For reference, here's the same image and the same code, but with do_pad=False inside the image_processor call.

Solution

[!IMPORTANT]
While the issue is still open, please add a note in the docs about this discrepancy between ZoeDepth and the rest of the depth prediction models; it took me more time than it should to understand what's going on. @stevhliu

The notebook link by @NielsRogge probably has some code to show how the padding is added and removed, however since I do not have access to it, I'll share here the various info I have gathered as well as a postprocessing function roughly following the style of post_process_object_detection.

Finding out exactly what's going on under the hood

As you can see in the original repo as well as in the ZoeDepthImageProcessor, before inference, the images padded in both dimensions by:

pad_h = int(np.sqrt(img_height/2) * fh) # height padding
pad_w = int(np.sqrt(img_width/2) * fw) # width padding

Where fh and fw are equal to 3 by default. Then, the images are resized and are fed into the model.

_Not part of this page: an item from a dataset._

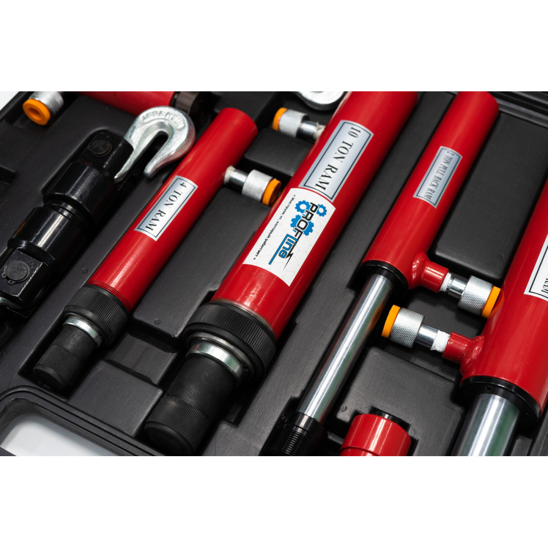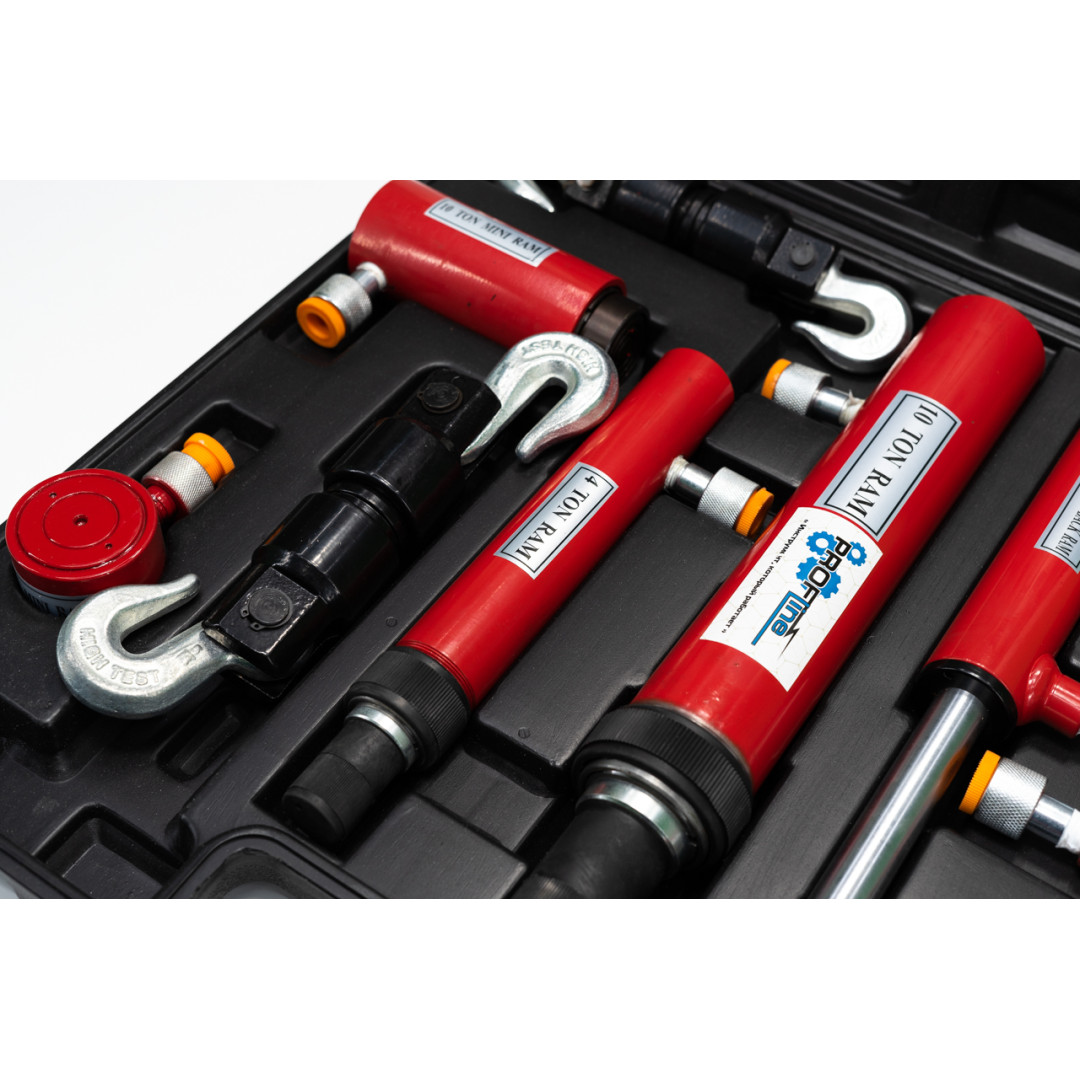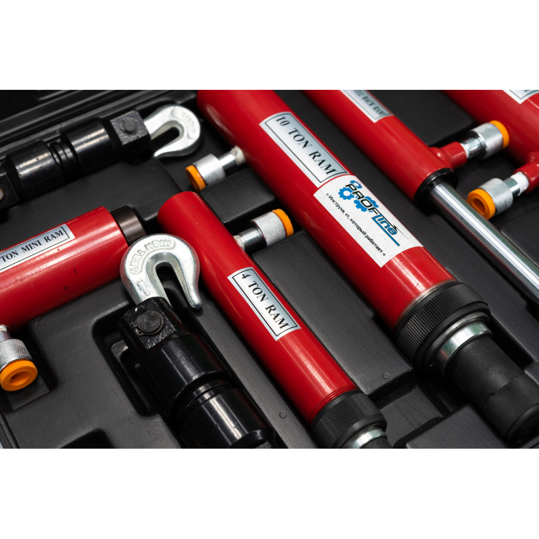 Набор гидравлических цилиндров и стяжек 7 ед. Profline 97005 - это вспомогательный набор инструментов для восстановления формы кузова легковых и грузовых автомобилей. Гидросистема цилиндров и стяжек позволяет развивать усилие различного тоннажа, что делает набор эффективным в работе. Крюки удобной формы обеспечивают надежное сцепление между стягиваемыми элементами. Набор комплектуется стяжками с подвижным и неподвижным крюком, что дает дополнительные возможности при проведении ремонтных работ. Поставляет в прочном противоударном кейсе, который обеспечивает дополнительную сохранность и мобильность инструмента.

Thus, to get the final depth predictions and image corresponding to the input image, you need to:

Resize the output to the size of the input image PLUS the padding
Remove the padding

ZoeDepth `post_process_depth_estimation`

from typing import Union, List, Tuple, Dict
from PIL import Image

import torch
from torch.nn import functional as F
from transformers.models.zoedepth.modeling_zoedepth import ZoeDepthDepthEstimatorOutput

def post_process_depth_estimation_zoedepth(
    outputs: ZoeDepthDepthEstimatorOutput,
    source_sizes: Union[torch.Tensor, List[Tuple[int, int]]],
    target_sizes: Union[torch.Tensor, List[Tuple[int, int]]] = None,
    remove_padding: bool = True,
) -> List[Dict] :
    """
    Converts the raw output of [`ZoeDepthDepthEstimatorOutput`] into final depth predictions and depth PIL image.
    Only supports PyTorch.

    Args:
        outputs ([`ZoeDepthDepthEstimatorOutput`]):
            Raw outputs of the model.
        source_sizes (`torch.Tensor` or `List[Tuple[int, int]]`):
            Tensor of shape `(batch_size, 2)` or list of tuples (`Tuple[int, int]`) containing the source size
            (height, width) of each image in the batch before preprocessing.
        target_sizes (`torch.Tensor` or `List[Tuple[int, int]]`, *optional*):
            Tensor of shape `(batch_size, 2)` or list of tuples (`Tuple[int, int]`) containing the target size
            (height, width) of each image in the batch. If left to None, predictions will not be resized.
        remove_padding (`bool`):
            By default ZoeDepth addes padding to fix the boundary artifacts in the output depth map, so we need
            remove this padding during post_processing. The parameter exists here in case the user changed the
            image preprocessing to not include padding.

    Returns:
        `List[Dict]`: A list of dictionaries, each dictionary containing the depth predictions and a depth PIL
        image as predicted by the model.
    """
    predicted_depth = outputs.predicted_depth

    if (target_sizes is not None) and (len(predicted_depth) != len(target_sizes)):
        raise ValueError(
            "Make sure that you pass in as many target sizes as the batch dimension of the predicted depth"
        )

    if (source_sizes is None) or (len(predicted_depth) != len(source_sizes)):
        raise ValueError(
            "Make sure that you pass in as many source image sizes as the batch dimension of the logits"
        )

    # Zoe Depth model adds padding around the images to fix the boundary artifacts in the output depth map
    # The padding length is `int(np.sqrt(img_h/2) * fh)` for the height and similar for the width
    # fh (and fw respectively) are equal to '3' by default
    # Check [here](https://github.com/isl-org/ZoeDepth/blob/edb6daf45458569e24f50250ef1ed08c015f17a7/zoedepth/models/depth_model.py#L57)
    # for the original implementation.
    # In this section, we remove this padding to get the final depth image and depth prediction
    if isinstance(source_sizes, List):
        img_h = torch.Tensor([i[0] for i in source_sizes])
        img_w = torch.Tensor([i[1] for i in source_sizes])
    else:
        img_h, img_w = source_sizes.unbind(1)

    fh = fw = 3

    results = []
    for i, (d, s) in enumerate(zip(predicted_depth, source_sizes)):
        if remove_padding:
            pad_h = int(np.sqrt(s[0]/2) * fh)
            pad_w = int(np.sqrt(s[1]/2) * fw)
            d = F.interpolate(
                d.unsqueeze(0).unsqueeze(1), size=[s[0] + 2*pad_h, s[1] + 2*pad_w],
                mode="bicubic", align_corners=False
            )

            if pad_h > 0:
                d = d[:, :, pad_h:-pad_h, :]
            if pad_w > 0:
                d = d[:, :, :, pad_w:-pad_w]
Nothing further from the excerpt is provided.